Ford is considering using bamboo as an automotive raw material. Will you buy it?

[Netease Smart News, April 15] Ford is considering using bamboo as a raw material, which is no different from the 2008 concept car Baggoo.

Bamboo is a favorite of pandas and a hardy plant. But can bamboo really be used to produce cars? This may sound strange, but automaker Ford announced on Thursday (April 13) that it will try to use bamboo in car interiors.

Trying new materials in cars is not new to Ford. They also used wool, tequila skin, and even the unwanted tomato skin in the Heinz ketchup factory.

Ford said it is considering combining bamboo and plastic to make automotive parts such as cables and cooling fans.

Janet Yin said: "The bamboo is amazing." She is an engineer at the Ford China Research Center in Nanjing. "Bamboo is tough, flexible, and renewable. It has abundant resources in China and many other places in Asia." Bamboo's tensile strength is comparable to metal, even better than some metals. In some parts of South America it is used to make simple highway bridges.

More and more automakers tend to think of biomaterials as a substitute for renewable plastics. Ford is one of them. For example, sugar cane and volcanic rock gray sound like high-grade shampoo ingredients, but in fact, Hyundai (Hyundai) used this material in certain automotive fabrics.

However, there are examples of failures. Toyota used soy products on cars and US owners filed suit this month, claiming that the material was eaten by rats and caused thousands of dollars in damage.

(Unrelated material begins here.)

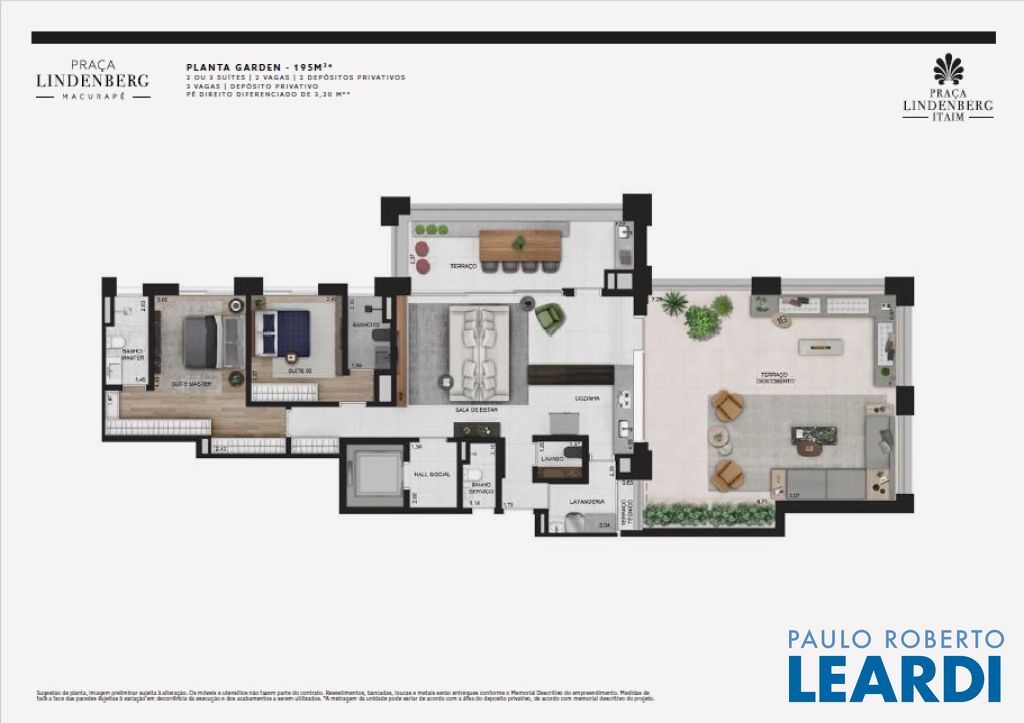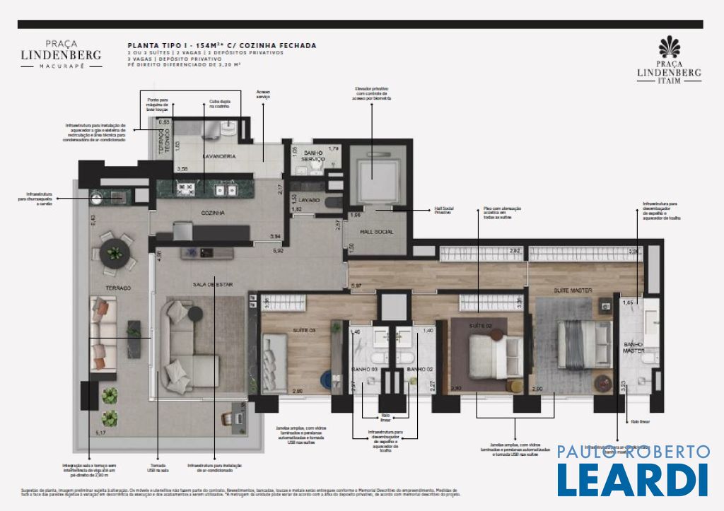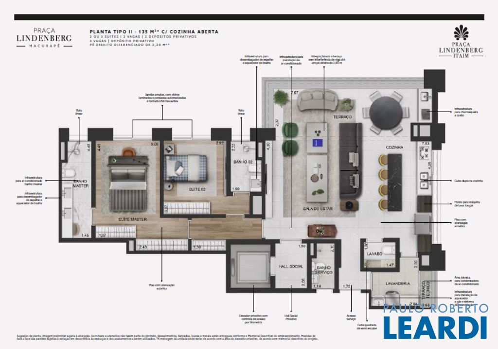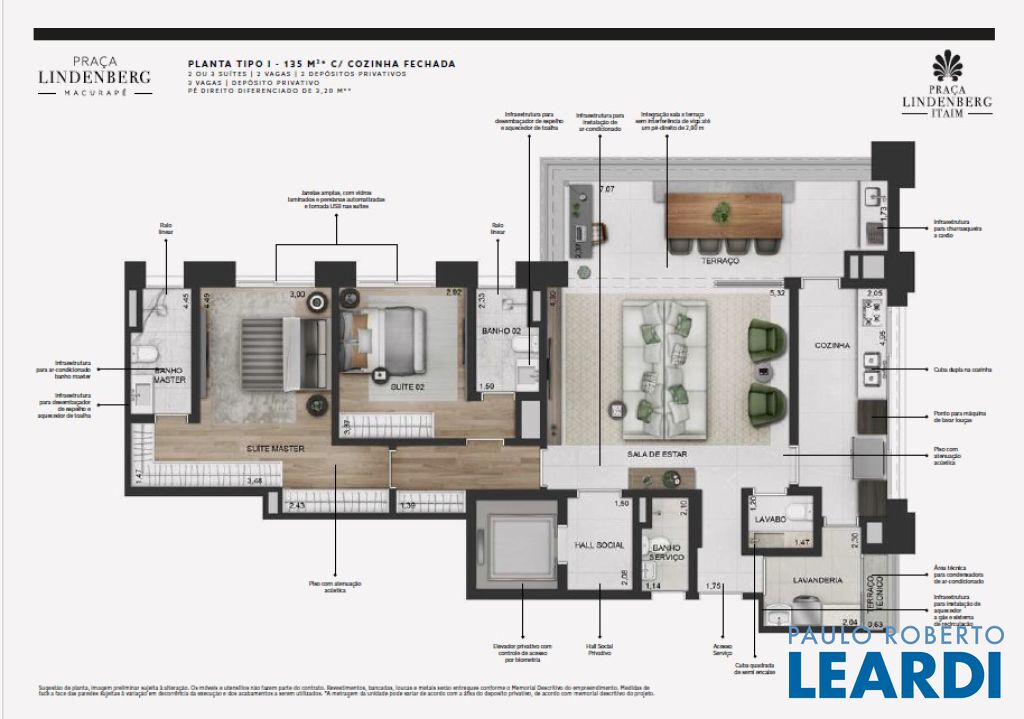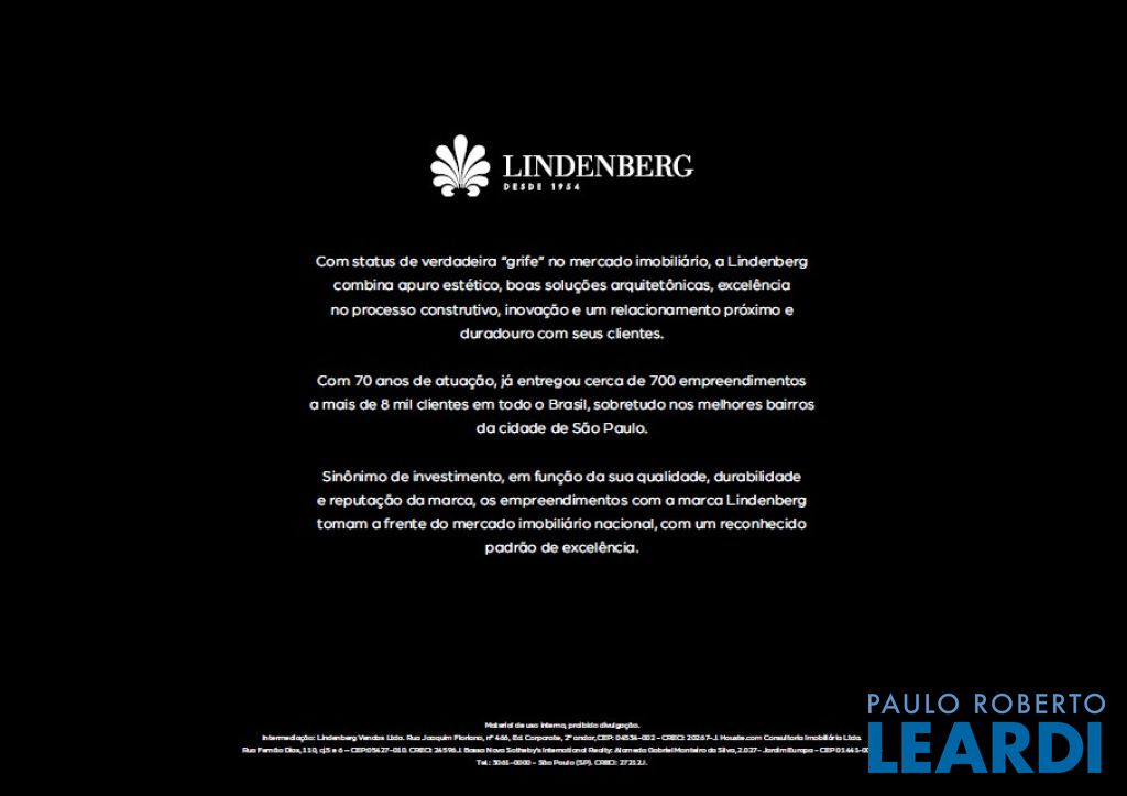 Praça Lindenberg Itaim: O Novo Dulce Lar de Alto Padrão Endereço: Rua Macurapé, 43 - Itaim Bibi, São Paulo - SP, 04537-060 Área do Terreno: 2.685,15 m² Torre Única: 118 Unidades (112 unidades-tipo, 4 Gardens, 2 Penthouses) Se a sua visão de lar combina comodidade, sofisticação e um ambiente urbano vibrante, o Praça Lindenberg Itaim é uma escolha inigualável. Localizado em uma das áreas mais desejadas de São Paulo, entre os icônicos parques Ibirapuera e do Povo, este condomínio se destaca não apenas pela localização, mas pela qualidade e inovação que oferece. Características Técnicas do Empreendimento: Tipologias de Apartamentos: Tipo 1 (finais 2 e 3): Área: a partir de 135 m² Suítes: 2 Vagas: 1 a 2 Tipo 2 (finais 1 e 4): Área: a partir de 154 m² Suítes: 2 ou 3 Vagas: 2 Units Menores (6º e 29º pav.): Área: 142,32 m² a 143,42 m² ou 168,19 m² a 172,60 m² Gardens: Área: 195 m² a 348 m² Suítes: 2 ou 3 Vagas: 2 Penthouse: Área: 314 m² Suítes: 3 Vagas: 3 Vagas e Depósitos: Vagas: 236, garantidas para todos os residentes. Depósito Privatizado: 2 por unidade (1 no andar e 1 no subsolo). Estrutura e Áreas Comuns: O Praça Lindenberg Itaim não só apresenta apartamentos de diversas metragens e configurações, mas também proporciona um estilo de vida único através de suas áreas comuns, que incluem: Salão de festas gourmet e apoio para festas externas. Fitness, Espaço Kids e Playground. Piscina com raia de 25 m e Piscina infantil. Central delivery para maior praticidade.0404
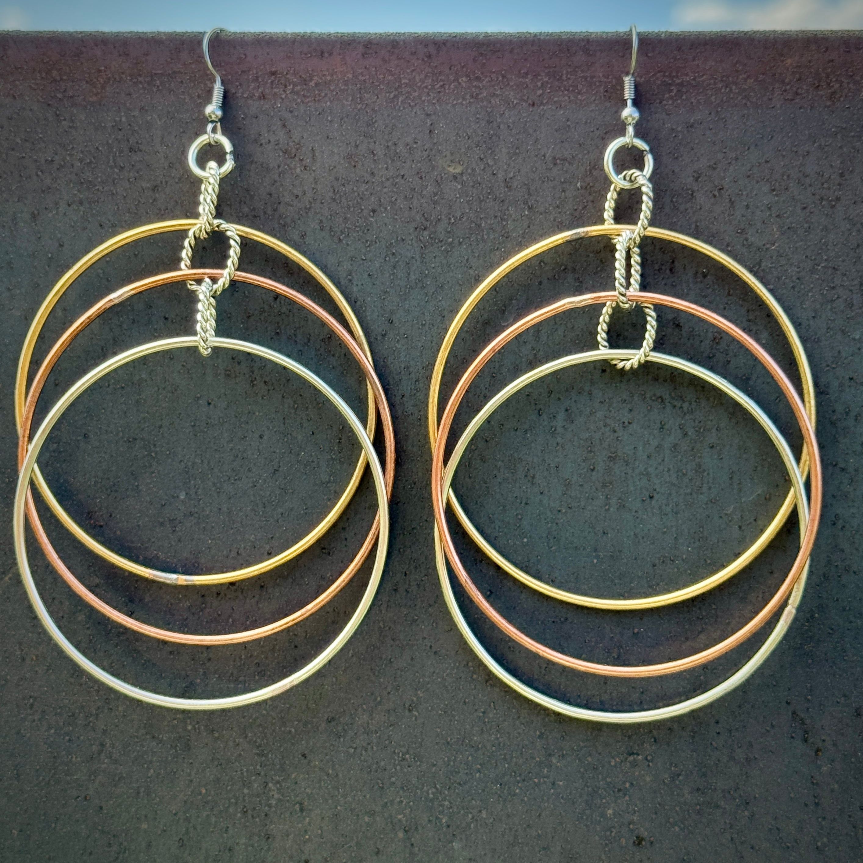 Discover our stunning Triple Hoop Earrings, a captivating blend of western flair and modern fashion. Handcrafted with love, these 100% unique earrings feature intricate details, mesmerizing turquoise stones, and elegant silver and copper embellishments. Perfect for any occasion, they elevate your style effortlessly. Embrace individuality and make a statement today!

Janet Yin said that when using new biomaterials or renewable materials in automobiles, they must prove that they are as good as the original material, and even better and more durable. She said: “When I tell people how we use sustainable, renewable materials to make cars, we usually encounter two attitudes: either we really appreciate my idea or we just want to ensure the quality of the new material. To prove to them the reliability of the new materials, they will be successfully convinced."

In addition, Ford claims that it has recovered approximately 25 million plastic water bottles from landfills for use in the manufacture of seat fabrics in automobiles.